═══ Material to process ═══

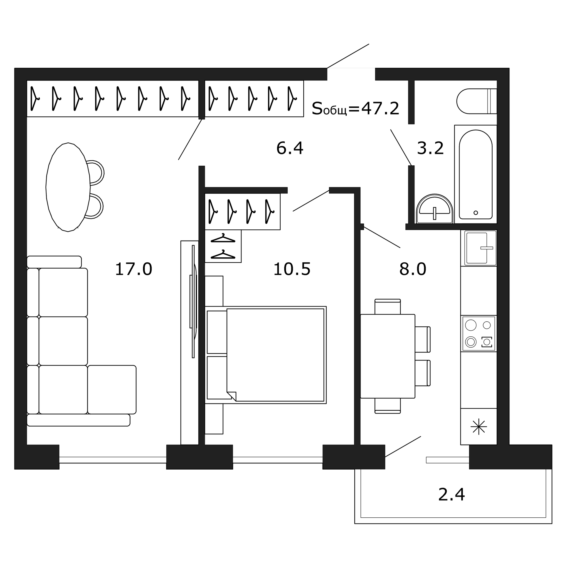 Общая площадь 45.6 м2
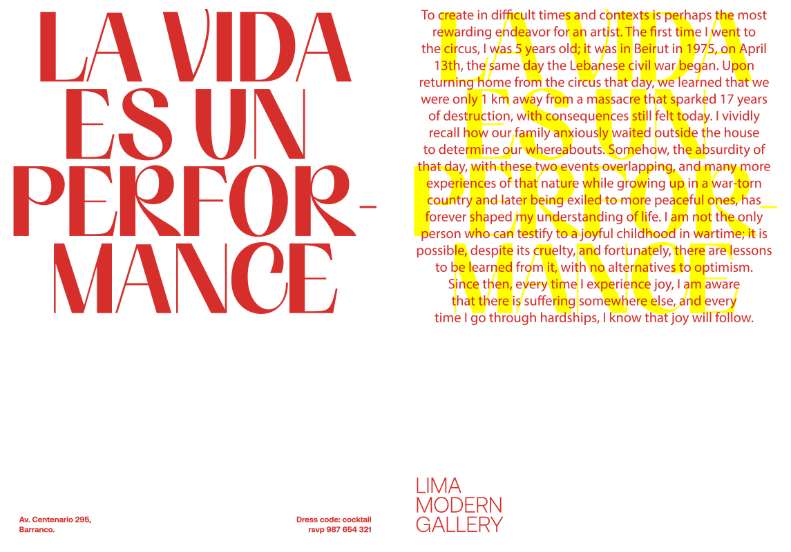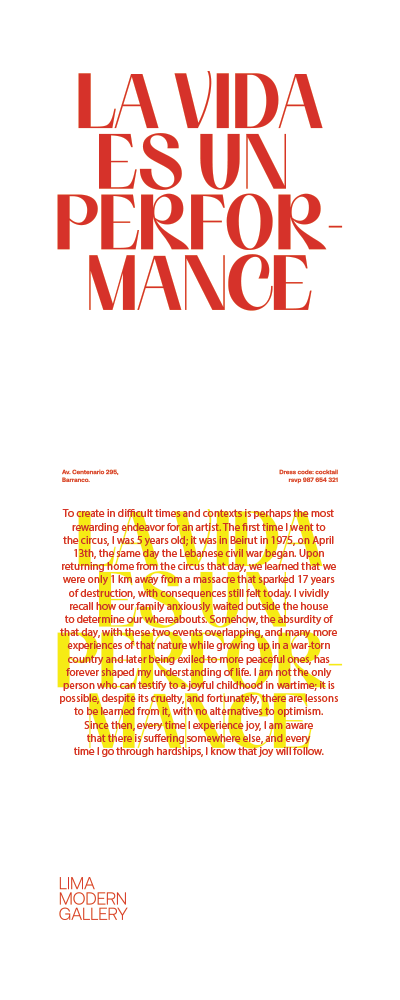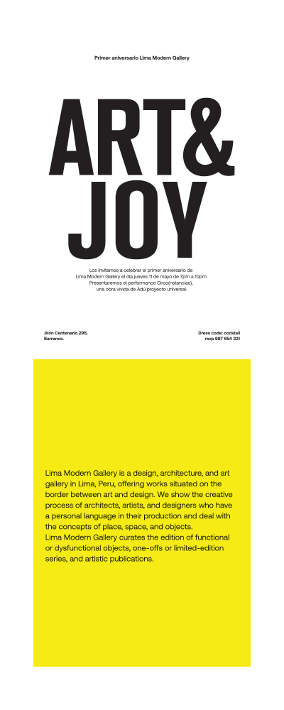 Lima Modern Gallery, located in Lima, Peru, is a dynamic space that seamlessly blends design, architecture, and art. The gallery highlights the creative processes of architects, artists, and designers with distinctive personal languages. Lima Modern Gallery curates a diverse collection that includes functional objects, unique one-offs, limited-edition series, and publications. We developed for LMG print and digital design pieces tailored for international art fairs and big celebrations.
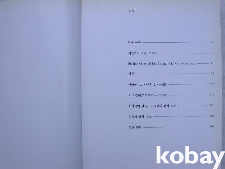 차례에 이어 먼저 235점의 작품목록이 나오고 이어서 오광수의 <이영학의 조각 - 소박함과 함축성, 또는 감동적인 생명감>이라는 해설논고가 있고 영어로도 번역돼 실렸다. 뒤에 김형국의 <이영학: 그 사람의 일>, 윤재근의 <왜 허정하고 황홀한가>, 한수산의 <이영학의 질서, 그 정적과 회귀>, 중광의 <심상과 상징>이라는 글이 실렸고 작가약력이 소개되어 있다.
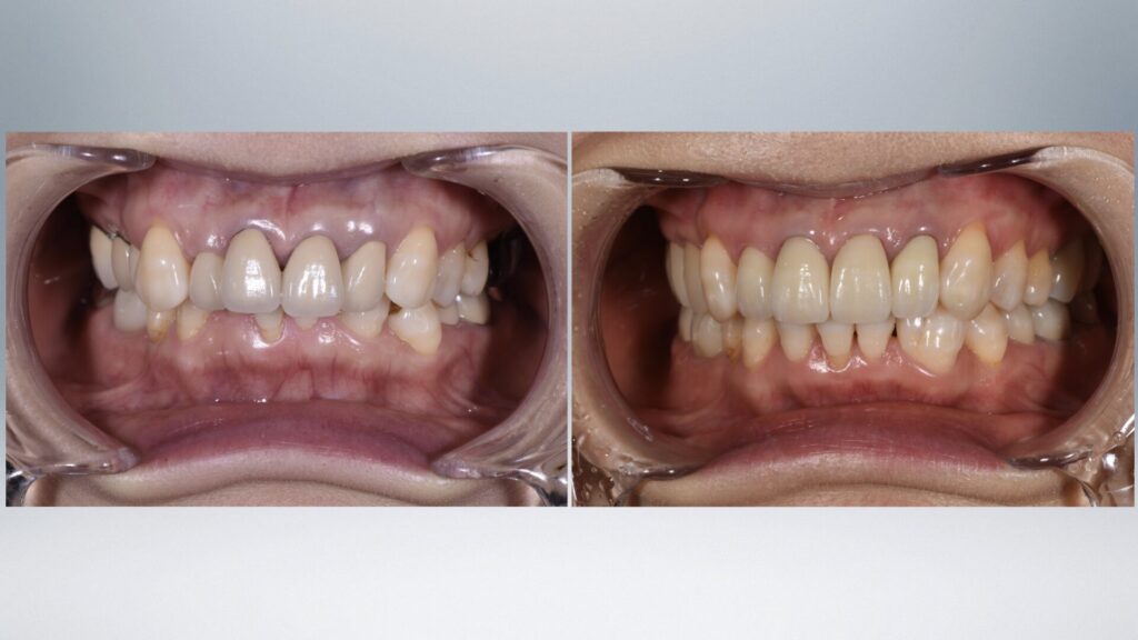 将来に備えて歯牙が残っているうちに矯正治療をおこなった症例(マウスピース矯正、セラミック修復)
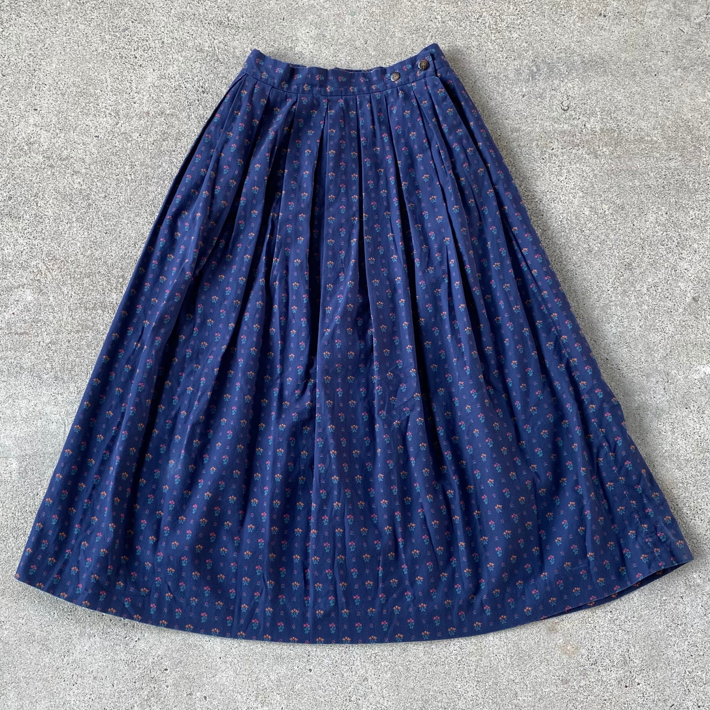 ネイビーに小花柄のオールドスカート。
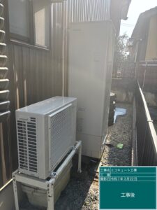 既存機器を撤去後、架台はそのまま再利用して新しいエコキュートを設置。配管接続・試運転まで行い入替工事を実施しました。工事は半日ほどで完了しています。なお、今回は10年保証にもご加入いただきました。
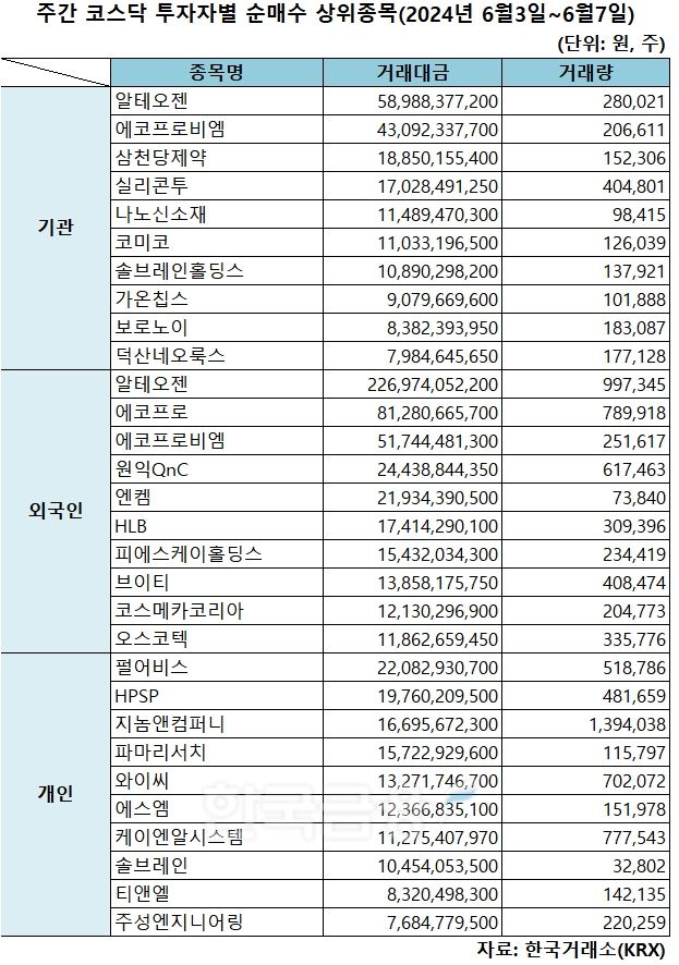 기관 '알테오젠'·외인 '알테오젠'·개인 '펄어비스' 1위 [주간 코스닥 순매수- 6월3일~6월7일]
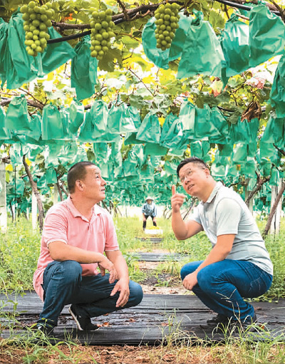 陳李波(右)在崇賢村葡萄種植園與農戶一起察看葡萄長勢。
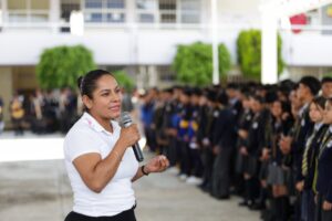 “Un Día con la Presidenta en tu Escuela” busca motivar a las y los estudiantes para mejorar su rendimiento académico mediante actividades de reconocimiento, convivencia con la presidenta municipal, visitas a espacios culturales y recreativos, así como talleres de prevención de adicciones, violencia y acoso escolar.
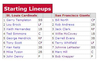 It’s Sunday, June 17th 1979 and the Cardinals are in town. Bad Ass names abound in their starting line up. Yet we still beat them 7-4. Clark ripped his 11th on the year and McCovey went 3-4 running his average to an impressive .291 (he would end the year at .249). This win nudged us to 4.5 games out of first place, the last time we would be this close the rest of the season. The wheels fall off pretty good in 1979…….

═══

- _Prompt_: Your task is to return the lines above, from the first one up to and including the line containing "Lima Modern Gallery, located", minus any pictures.

- _Response_:
 Общая площадь 45.6 м2
 Lima Modern Gallery, located in Lima, Peru, is a dynamic space that seamlessly blends design, architecture, and art. The gallery highlights the creative processes of architects, artists, and designers with distinctive personal languages. Lima Modern Gallery curates a diverse collection that includes functional objects, unique one-offs, limited-edition series, and publications. We developed for LMG print and digital design pieces tailored for international art fairs and big celebrations.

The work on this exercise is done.